Profitability in Key Sectors

Profitability in the key sectors is measured by the net margin; this provides the return to managerial labour and the return on capital.


Laying Hens

Net margins for laying hens are based on data from a commissioned survey into the economics of egg production undertaken in 1992. The lapse in time and changes in the industry that have occurred since that time mean that the margins shown here can only be broad estimates but the trends in margin are robust.

2002 is currently estimated to show a rise in average profitability over the previous year.
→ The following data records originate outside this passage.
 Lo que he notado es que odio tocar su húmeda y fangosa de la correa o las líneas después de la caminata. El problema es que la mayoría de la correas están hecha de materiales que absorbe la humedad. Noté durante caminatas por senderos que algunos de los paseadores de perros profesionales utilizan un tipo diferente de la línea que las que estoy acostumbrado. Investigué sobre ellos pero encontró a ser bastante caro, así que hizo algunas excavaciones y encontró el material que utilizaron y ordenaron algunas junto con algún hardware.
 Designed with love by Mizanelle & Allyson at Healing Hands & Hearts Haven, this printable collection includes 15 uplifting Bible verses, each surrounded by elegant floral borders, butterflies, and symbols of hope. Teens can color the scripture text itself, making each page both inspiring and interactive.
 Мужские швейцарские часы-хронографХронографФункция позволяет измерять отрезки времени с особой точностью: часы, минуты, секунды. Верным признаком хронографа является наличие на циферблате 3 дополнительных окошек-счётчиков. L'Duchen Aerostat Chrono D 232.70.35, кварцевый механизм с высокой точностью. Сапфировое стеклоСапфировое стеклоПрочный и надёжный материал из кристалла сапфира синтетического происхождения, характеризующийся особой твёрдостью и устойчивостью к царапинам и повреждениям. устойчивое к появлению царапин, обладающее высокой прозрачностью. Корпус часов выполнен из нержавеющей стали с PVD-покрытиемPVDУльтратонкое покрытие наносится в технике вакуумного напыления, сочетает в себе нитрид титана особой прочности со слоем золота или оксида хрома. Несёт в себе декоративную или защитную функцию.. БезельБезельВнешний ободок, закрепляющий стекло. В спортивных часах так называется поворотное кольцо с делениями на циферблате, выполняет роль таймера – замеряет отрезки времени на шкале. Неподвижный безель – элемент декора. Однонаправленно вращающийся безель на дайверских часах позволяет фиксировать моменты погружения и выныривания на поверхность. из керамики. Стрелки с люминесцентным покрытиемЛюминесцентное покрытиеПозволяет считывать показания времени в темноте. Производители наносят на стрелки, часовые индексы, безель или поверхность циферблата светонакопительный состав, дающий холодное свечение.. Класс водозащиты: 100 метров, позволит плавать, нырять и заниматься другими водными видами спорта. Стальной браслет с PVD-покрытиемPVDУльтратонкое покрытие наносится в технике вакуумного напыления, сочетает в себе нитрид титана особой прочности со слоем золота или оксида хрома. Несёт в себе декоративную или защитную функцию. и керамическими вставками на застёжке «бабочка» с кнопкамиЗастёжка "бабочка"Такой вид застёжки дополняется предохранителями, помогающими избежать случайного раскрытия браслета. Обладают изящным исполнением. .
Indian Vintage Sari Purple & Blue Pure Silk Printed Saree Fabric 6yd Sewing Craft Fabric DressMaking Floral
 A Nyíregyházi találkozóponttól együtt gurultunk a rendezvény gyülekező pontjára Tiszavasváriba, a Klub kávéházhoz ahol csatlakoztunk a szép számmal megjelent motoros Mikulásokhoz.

This reflects reasonably buoyant egg prices (38p per dozen at March 2003) coupled with year on year reductions in feed costs in the second half of 2002 due to lower feed cereal prices.
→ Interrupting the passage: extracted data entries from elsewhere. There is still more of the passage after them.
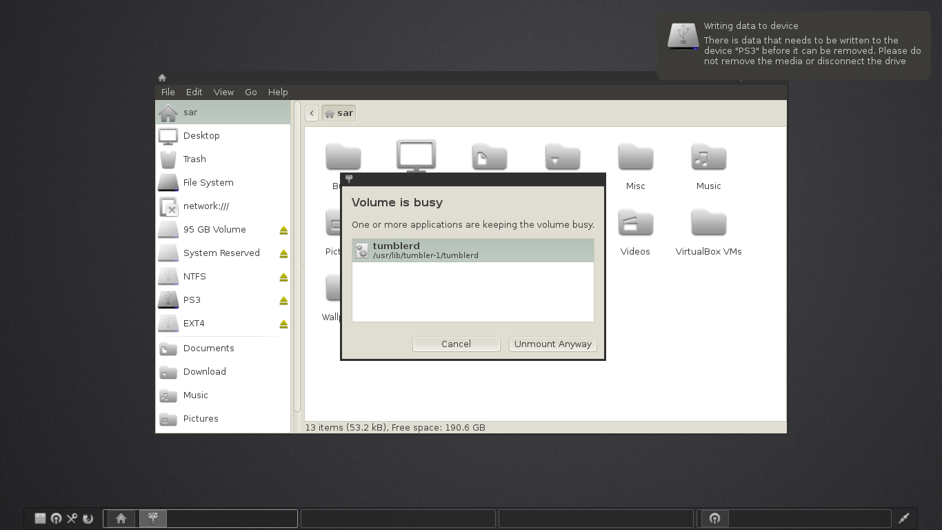 Created attachment 4658 Thunar Screen Shot I'm running Slackware 14.0 x86 with Xfce 4.10 and Thunar 1.4.0 I have two portable usb hard drives, both with 3 partitions on them, ntfs, ext4, fat32. I constantly have problems with Thunar not wanting to unmount the fat32 partition on both of these drives after I have copied something to them. When I try to click the unmount arrow in Thunar I'll always receive a popup window and a NotifyOSD popup. I'm attaching a screen shot so you can see these. Even though the NotifyOSD says it's writing data there isn't any data that needs to be written to it, I can have the drives sit for 10 minutes after I've copied something to them as an example and it will still complain. It doesn't matter how long I wait it still complains that it's writing data. I don't have any problems at all with the ntfs or ext4 partitions. It seems like Thunar just doesn't like working with FAT32 and I hope this can be fixed, as soon as possible, because I noticed in Windows when I run chkdisk on the partitions Windows is finding errors it needs to fix and the hard drives do not have any problems with them, Thunar is creating file system problems... I plugged in and removed my hard drive a few times to test this, and this is all that was listed in /var/log/messages; Oct 10 21:16:29 slack udisksd[2017]: Cleaning up mount point /run/media/sar/PS3 (device 8:33 is not mounted) Oct 10 21:16:29 slack udisksd[2017]: Unmounted /dev/sdc1 on behalf of uid 1000 Oct 10 21:16:35 slack kernel: usb 2-1.1: USB disconnect, device number 4 Oct 10 21:17:14 slack kernel: usb 2-1.1: new high-speed USB device number 5 using ehci_hcd Oct 10 21:17:14 slack kernel: usb 2-1.1: New USB device found, idVendor=152d, idProduct=2329 Oct 10 21:17:14 slack kernel: usb 2-1.1: New USB device strings: Mfr=1, Product=11, SerialNumber=3 Oct 10 21:17:14 slack kernel: usb 2-1.1: Product: USB Mass Storage Oct 10 21:17:14 slack kernel: usb 2-1.1: Manufacturer: JMicron Oct 10 21:17:14 slack kernel: usb 2-1.1: SerialNumber: 0000000000012A Oct 10 21:17:14 slack kernel: scsi8 : usb-storage 2-1.1:1.0 Oct 10 21:17:14 slack mtp-probe: checking bus 2, device 5: "/sys/devices/pci0000:00/0000:00:1d.0/usb2/2-1/2-1.1" Oct 10 21:17:14 slack mtp-probe: bus: 2, device: 5 was not an MTP device Oct 10 21:17:16 slack kernel: scsi 8:0:0:0: Direct-Access IOCELL Turbo Hard Disk PQ: 0 ANSI: 2 CCS Oct 10 21:17:16 slack kernel: sd 8:0:0:0: [sdd] 312581808 512-byte logical blocks: (160 GB/149 GiB) Oct 10 21:17:16 slack kernel: sd 8:0:0:0: [sdd] Write Protect is off Oct 10 21:17:16 slack kernel: sdd: sdd1 sdd2 sdd3 Oct 10 21:17:16 slack kernel: sd 8:0:0:0: [sdd] Attached SCSI disk Oct 10 21:17:26 slack udisksd[2017]: Mounted /dev/sdd1 at /run/media/sar/PS3 on behalf of uid 1000 Oct 10 21:17:46 slack udisksd[2017]: Cleaning up mount point /run/media/sar/PS3 (device 8:49 is not mounted) Oct 10 21:17:46 slack udisksd[2017]: Unmounted /dev/sdd1 on behalf of uid 1000 Oct 10 21:17:50 slack udisksd[2017]: Mounted /dev/sdd1 at /run/media/sar/PS3 on behalf of uid 1000 Oct 10 21:17:54 slack udisksd[2017]: Cleaning up mount point /run/media/sar/PS3 (device 8:49 is not mounted) Oct 10 21:17:54 slack udisksd[2017]: Unmounted /dev/sdd1 on behalf of uid 1000 Oct 10 21:17:59 slack udisksd[2017]: Mounted /dev/sdd1 at /run/media/sar/PS3 on behalf of uid 1000 Oct 10 21:18:08 slack udisksd[2017]: Cleaning up mount point /run/media/sar/PS3 (device 8:49 is not mounted) Oct 10 21:18:08 slack udisksd[2017]: Unmounted /dev/sdd1 on behalf of uid 1000 THANKS
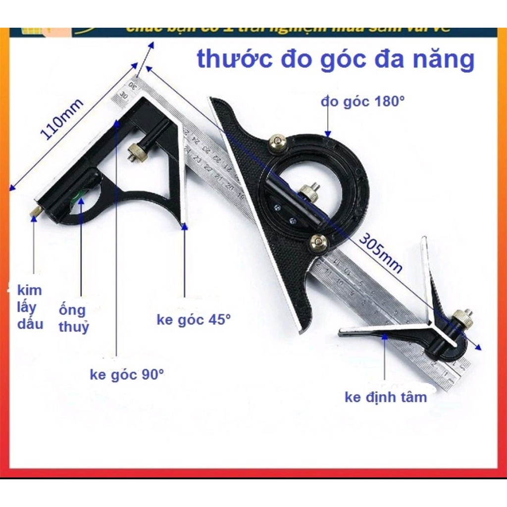 -Thước dài 30cm và 60cm làm bằng thép không gỉ, kết hợp với 3 bộ phận ke góc - cân bằng - định tâm bằng chất liệu hợp kim nhôm kết hợp nhựa cứng ABS độ bền cao, có thể tháo lắp tùy mục đích sử dụng-Thước được tích hợp nhiều chức năng như ke góc, đo góc, đo chiều sâu, kẻ vạch, lấy dấu, định tâm, cân bằng ngang - dọc - song song... với độ chính xác cao, giúp tiết kiệm thời gian
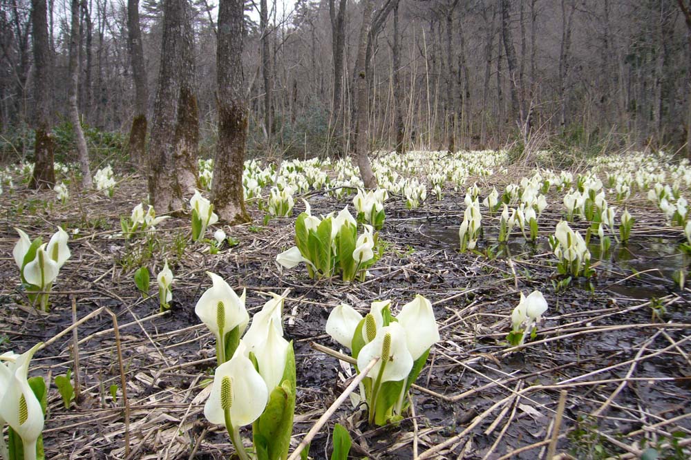 蛭山(ひるやま)ミズバショウ群生地は、林に囲まれた3ヘクタールを超える広大な群落で、湿地帯を周回する散策路があり、ミズバショウの群生を間近で観賞しながら、散策をお楽しみいただけます。

The value of egg imports has been growing at a slightly faster rate than that of exports since mid 1999.

Table Chickens (broilers)

Net margins for broilers are estimates based on data from a variety of sources - the margins shown here should only be regarded as broad estimates but the trends in margin are robust.

Profitability in the broiler sector is expected to increase in 2002/03. This reflects year on year reductions in feed costs from mid 2002 onwards due to lower cereal and soya prices. Poultry prices are currently 49p per kg.

Total UK broiler production in 2002 was slightly lower than in 2001. Slaughterings in May 2003 were slightly higher than in May 2002.

The value of UK poultrymeat imports consistently exceeds that of exports and the gap has widened in recent years.